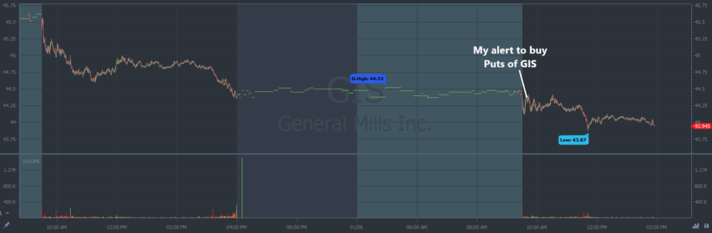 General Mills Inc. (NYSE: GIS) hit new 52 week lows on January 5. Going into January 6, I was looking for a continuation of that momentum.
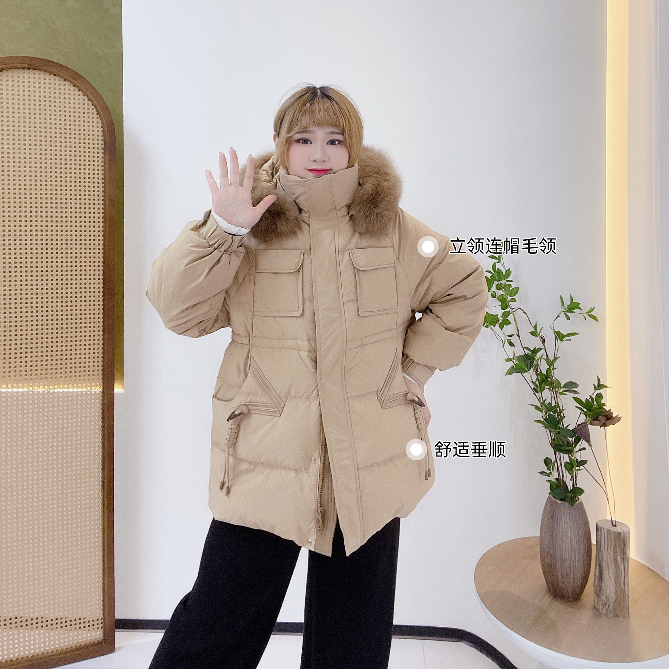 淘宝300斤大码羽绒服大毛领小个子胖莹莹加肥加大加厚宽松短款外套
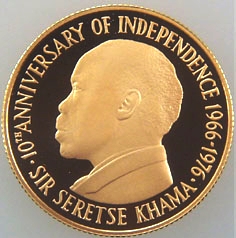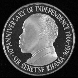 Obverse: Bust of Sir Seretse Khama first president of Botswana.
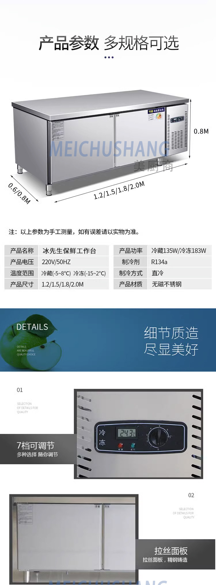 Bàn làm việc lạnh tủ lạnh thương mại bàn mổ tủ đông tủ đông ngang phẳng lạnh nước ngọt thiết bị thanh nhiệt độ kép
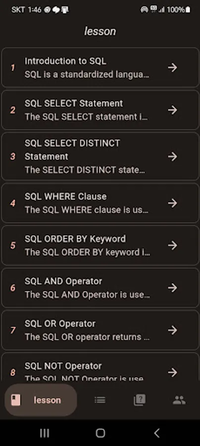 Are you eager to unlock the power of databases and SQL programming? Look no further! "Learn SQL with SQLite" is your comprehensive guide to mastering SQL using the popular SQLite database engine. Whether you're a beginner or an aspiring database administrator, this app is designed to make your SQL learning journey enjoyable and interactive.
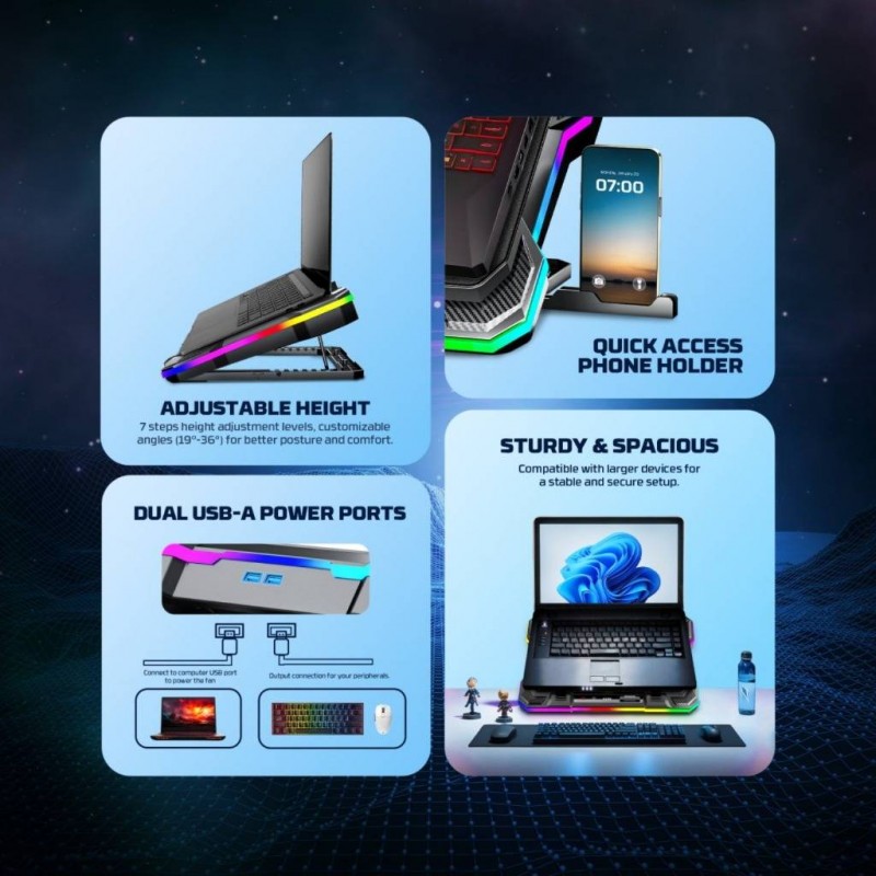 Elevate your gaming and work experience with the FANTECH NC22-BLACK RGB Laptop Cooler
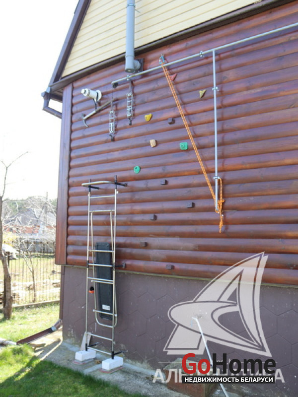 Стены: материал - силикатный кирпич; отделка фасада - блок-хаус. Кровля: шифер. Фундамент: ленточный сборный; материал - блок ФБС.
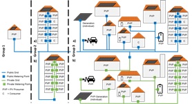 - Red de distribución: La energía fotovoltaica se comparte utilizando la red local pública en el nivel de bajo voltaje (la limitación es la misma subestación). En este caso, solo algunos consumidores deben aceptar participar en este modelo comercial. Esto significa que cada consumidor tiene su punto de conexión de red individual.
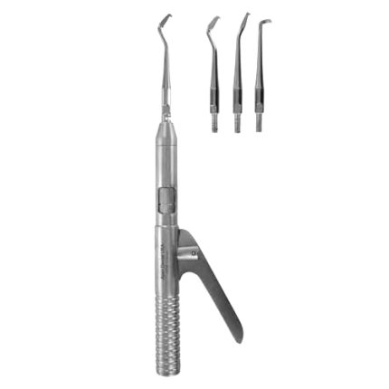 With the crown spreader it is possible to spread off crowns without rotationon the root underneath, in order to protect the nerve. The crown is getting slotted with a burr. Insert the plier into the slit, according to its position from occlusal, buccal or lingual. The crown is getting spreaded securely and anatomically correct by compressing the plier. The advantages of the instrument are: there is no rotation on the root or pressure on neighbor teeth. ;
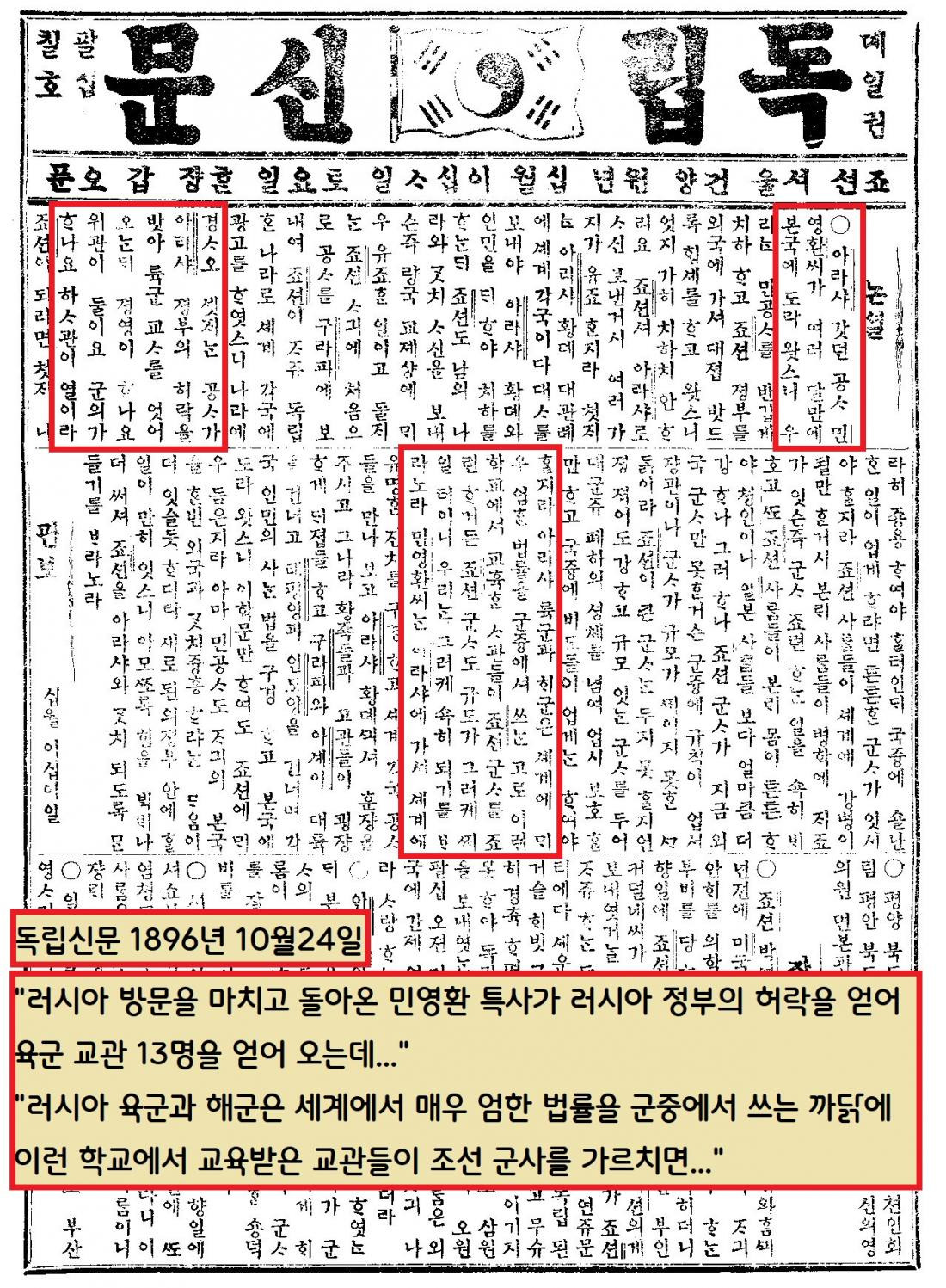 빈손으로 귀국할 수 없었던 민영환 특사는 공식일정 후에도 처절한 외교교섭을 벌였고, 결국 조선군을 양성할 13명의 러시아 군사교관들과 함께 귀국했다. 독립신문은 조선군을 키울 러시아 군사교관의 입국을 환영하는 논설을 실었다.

────────────────────────────────────────

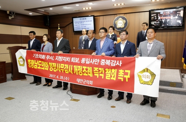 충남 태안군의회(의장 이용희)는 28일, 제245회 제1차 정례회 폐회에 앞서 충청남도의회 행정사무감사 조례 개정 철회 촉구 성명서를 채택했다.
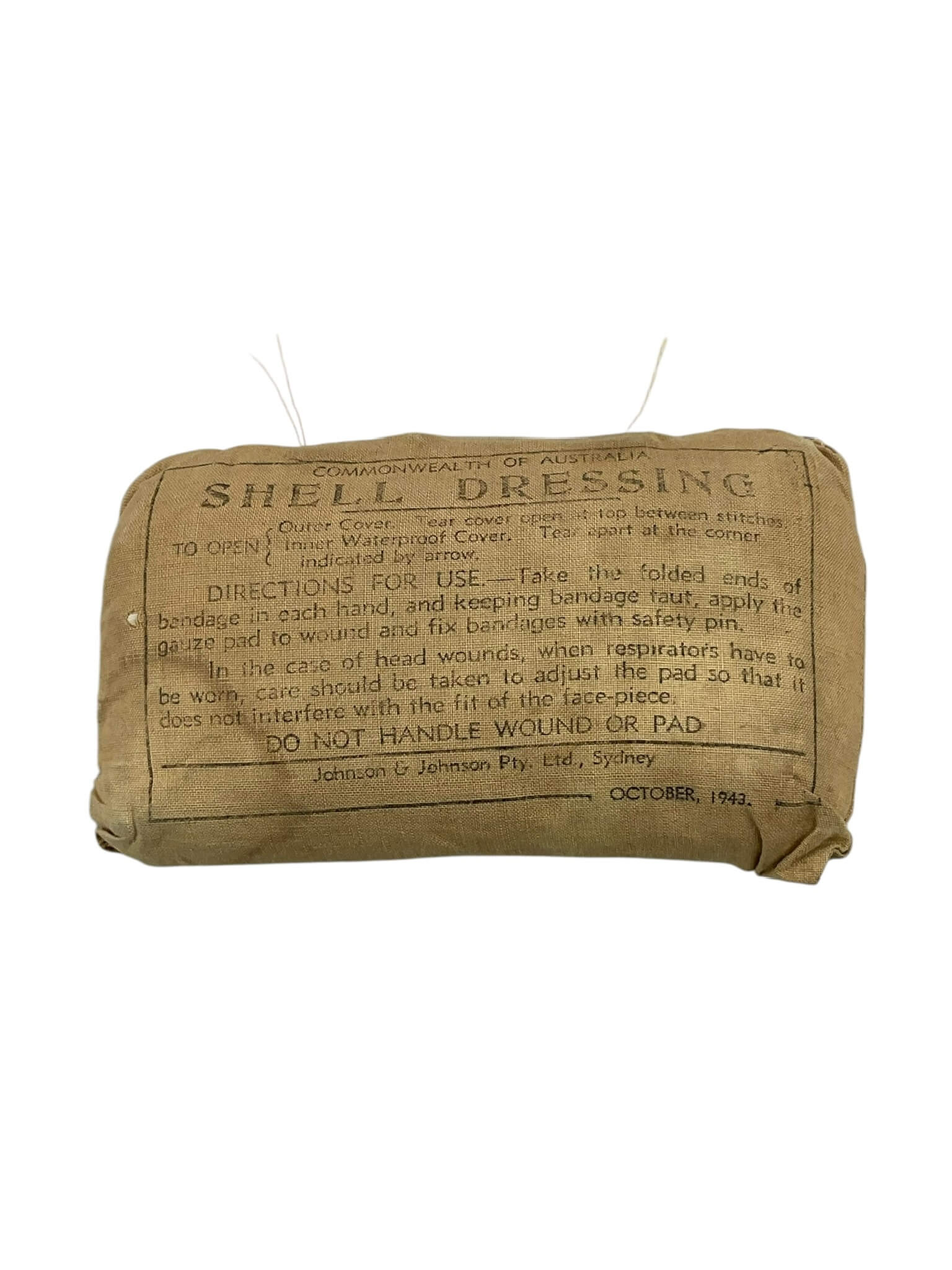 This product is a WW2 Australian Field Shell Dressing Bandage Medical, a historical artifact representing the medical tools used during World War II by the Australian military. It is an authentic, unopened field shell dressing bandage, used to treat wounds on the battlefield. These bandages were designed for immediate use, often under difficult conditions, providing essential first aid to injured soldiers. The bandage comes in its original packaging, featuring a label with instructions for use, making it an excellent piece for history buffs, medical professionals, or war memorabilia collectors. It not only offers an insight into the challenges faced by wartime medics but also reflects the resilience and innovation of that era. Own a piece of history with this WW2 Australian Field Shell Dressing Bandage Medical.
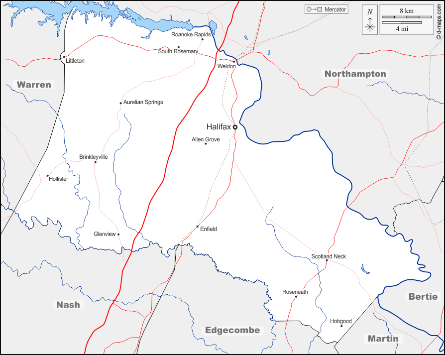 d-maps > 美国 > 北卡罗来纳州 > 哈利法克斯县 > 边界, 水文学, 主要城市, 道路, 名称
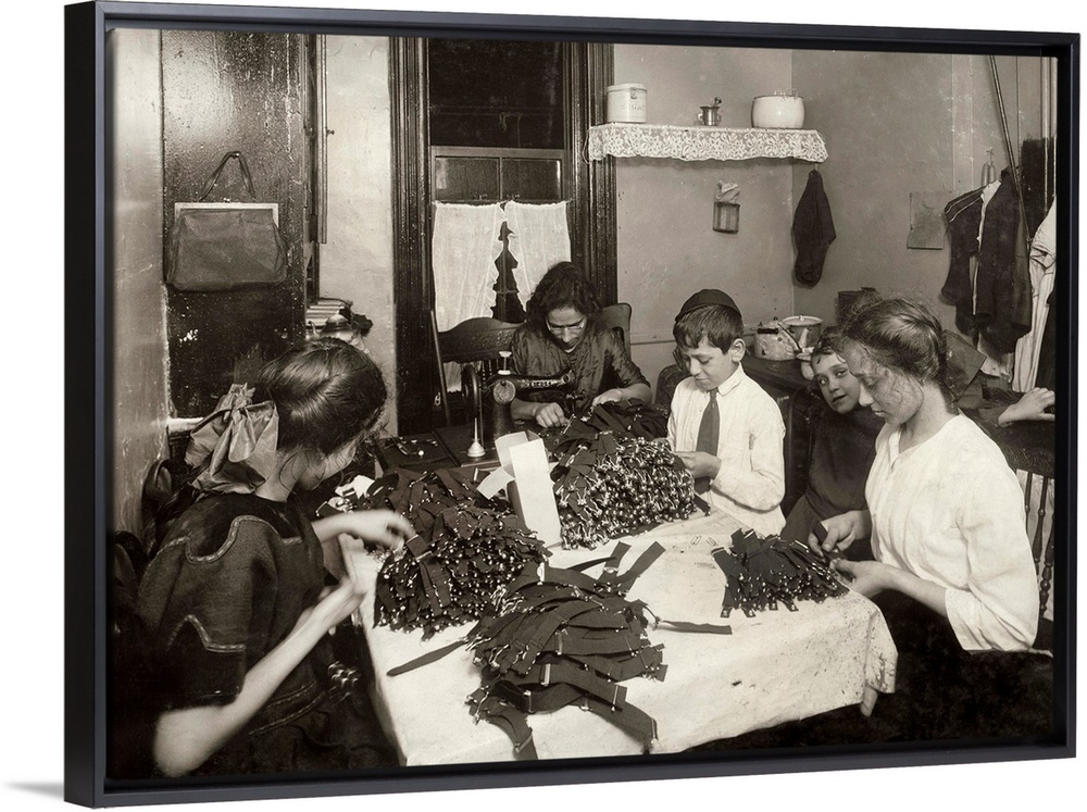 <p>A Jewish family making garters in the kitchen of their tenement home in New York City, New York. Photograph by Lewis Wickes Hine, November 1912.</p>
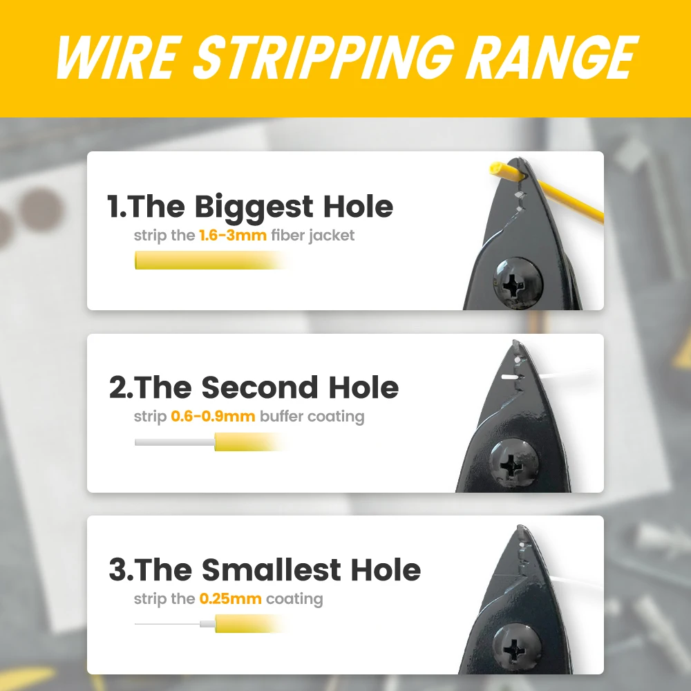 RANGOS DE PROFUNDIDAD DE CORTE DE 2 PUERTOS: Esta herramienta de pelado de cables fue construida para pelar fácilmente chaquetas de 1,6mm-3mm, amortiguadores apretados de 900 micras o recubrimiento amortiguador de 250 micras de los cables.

────────────────────────────────────────

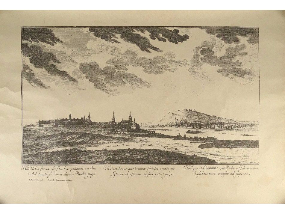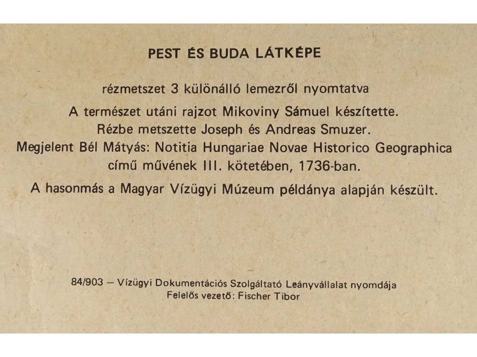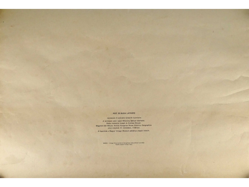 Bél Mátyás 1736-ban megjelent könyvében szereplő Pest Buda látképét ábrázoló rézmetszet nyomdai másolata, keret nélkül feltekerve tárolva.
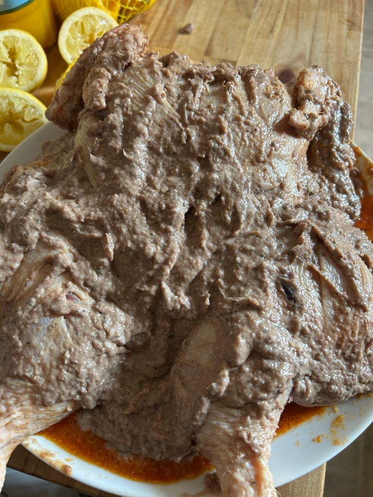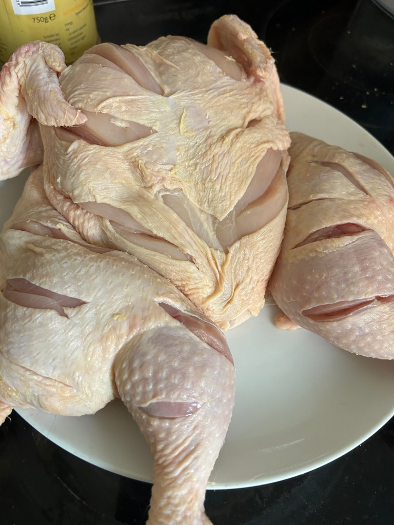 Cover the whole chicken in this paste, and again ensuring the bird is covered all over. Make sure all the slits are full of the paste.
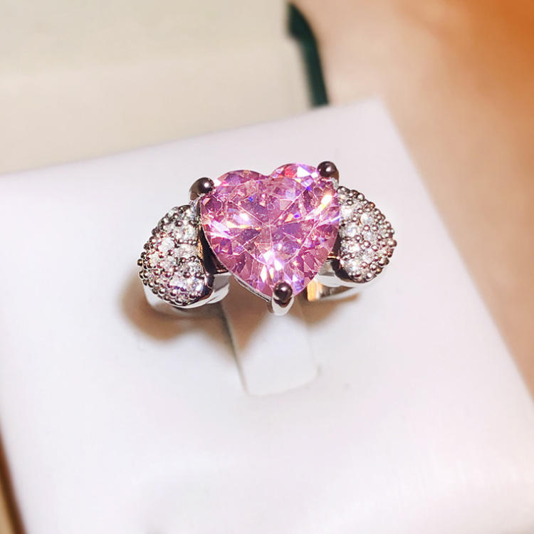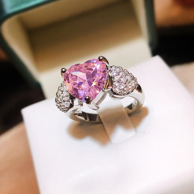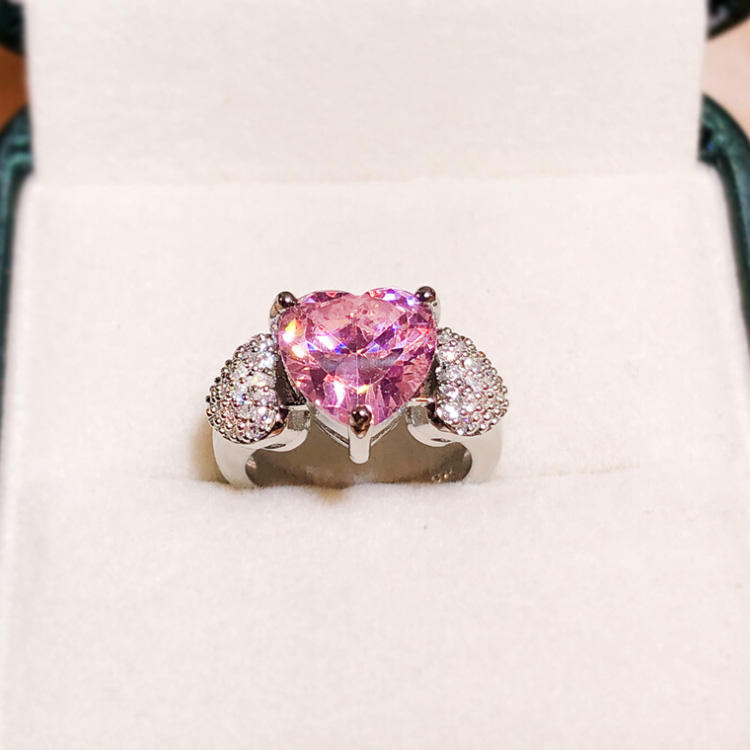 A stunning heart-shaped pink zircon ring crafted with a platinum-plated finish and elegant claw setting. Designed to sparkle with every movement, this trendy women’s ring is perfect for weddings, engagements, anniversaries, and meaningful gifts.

────────────────────────────────────────

**What you are asked to do**
Look above for the line with "Bàn làm việc" and the line with "빈손으로 귀국할 수 없었던". Copy them and every line between, exactly, but no pictures.

**Exercise answer**
 Bàn làm việc lạnh tủ lạnh thương mại bàn mổ tủ đông tủ đông ngang phẳng lạnh nước ngọt thiết bị thanh nhiệt độ kép
 Are you eager to unlock the power of databases and SQL programming? Look no further! "Learn SQL with SQLite" is your comprehensive guide to mastering SQL using the popular SQLite database engine. Whether you're a beginner or an aspiring database administrator, this app is designed to make your SQL learning journey enjoyable and interactive.
 Elevate your gaming and work experience with the FANTECH NC22-BLACK RGB Laptop Cooler
 Стены: материал - силикатный кирпич; отделка фасада - блок-хаус. Кровля: шифер. Фундамент: ленточный сборный; материал - блок ФБС.
 - Red de distribución: La energía fotovoltaica se comparte utilizando la red local pública en el nivel de bajo voltaje (la limitación es la misma subestación). En este caso, solo algunos consumidores deben aceptar participar en este modelo comercial. Esto significa que cada consumidor tiene su punto de conexión de red individual.
 With the crown spreader it is possible to spread off crowns without rotationon the root underneath, in order to protect the nerve. The crown is getting slotted with a burr. Insert the plier into the slit, according to its position from occlusal, buccal or lingual. The crown is getting spreaded securely and anatomically correct by compressing the plier. The advantages of the instrument are: there is no rotation on the root or pressure on neighbor teeth. ;
 빈손으로 귀국할 수 없었던 민영환 특사는 공식일정 후에도 처절한 외교교섭을 벌였고, 결국 조선군을 양성할 13명의 러시아 군사교관들과 함께 귀국했다. 독립신문은 조선군을 키울 러시아 군사교관의 입국을 환영하는 논설을 실었다.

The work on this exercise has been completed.